Not at all. In 1992 at least 75 percent of mothers of young children were employed outside the home, but radio had not yet succeeded in attracting this market. Enter Nigro. With Jeffrey Troncone, her business partner and "perpetual fiancé," she conceived and produced pilot episodes of The Working Mom on the Run. After persuading two stations to broadcast the program, she began to sell advertising. In the stroke that was to secure the success of her show, she convinced Avon Products to invest $3,000 in exchange for bargain ad rates and the lead sponsorship. Today Avon continues as lead sponsor, with a six-digit annual contract. Additional sponsors include 7-Eleven, Procter and Gamble, General Mills, Folgers, and CBS. A 1995 issue of Advertising Age touts Nigro's show as one of three that "provide females in greater numbers" to potential advertisers.
It is clearly a woman's perspective that Nigro speaks from, and she sometimes delivers digs that only women are likely to appreciate. (After summarizing an army study of women's physical strength, she trumpeted, "Now let's see the study where they find men who can do the work of women. Well? We're waiting!") However, her wide-ranging discussions, her willingness to hear out opposing views, and her personal charm appeal to a diverse audience, at least a third of whom are men. "Men are crucial to our lives," she says. "I love the difference between women and men as much as I hate it."
Nigro says that she intends her show to be informative as well as entertaining. She continually urges her audience to think about the broader picture beyond their personal list of things to do. Although she says that she addresses "what people talk about 95 percent of the time" -- money, children, weight gain -- she also gives a forum to important issues that may have escaped their attention. She has done shows on day care center nightmares, the nature of professional athletes' influence on children, and the possibility that talk radio itself may have a negative effect on American culture -- all seasoned with her irreverent humor.
Wisecracks and all, Nigro takes her responsibility as a media power seriously and sustains an extraordinarily active role on the air. "I feel obligated to do something meaningful with my media time," she says. "I try to really be an inspiration and to do what I can for people." Within the course of a recent show, for example, she had one caller's missing granddaughter traced and helped another find legal support for obtaining visitation rights. Another show raised money for the families of Oklahoma City bombing victims.

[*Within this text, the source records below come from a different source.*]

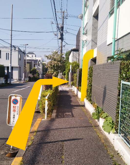 ⑧道なりに直進し最初の角を右折します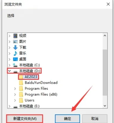 4.选择需要安装的磁盘,本例安装到D盘,点击【新建文件夹】并命名,点击确定。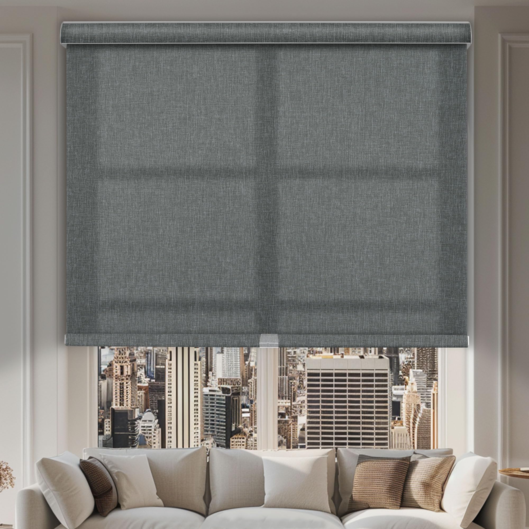 Light Filtering Roller Shades,Cordless window shad... Morees,Linen Window Blinds with Cassette Valance Thermal Insulated Roller Blinds for Home French Door.Gray,25" W x 96" H Light Filtering-gray 25"W x 96"H Less

On the horizon this fall are one-minute television features, to be broadcast on morning news shows across the country. Also coming are a line of clothing and a comic strip that will appear in Working Mother and Living Fit magazines as well as in newspapers. Her second book, due in 1997, is tentatively titled From the Waist Down: Who Needs This Aggravation?
Nigro confronts her future with the desperate energy and boundless anxiety common to denizens of the fast lane. "In order to keep driving forward you have to keep changing," she says, "and change is risky. Risk is stomach-acid stuff." Quickly, she proffers advice disguised as self-deprecation: "I can handle everything so much better when I exercise. . . . Now if I could just keep my face out of the refrigerator."
Turning serious for a moment, she continues, "I want to give women
who haven't had the exposure to being strong the chance to be all they
can -- for themselves and for those they love." Nigro pauses, as if
hesitant, for once, to overstate her case, then concludes firmly, "I'm
fighting the fight that women are fighting to control their destinies."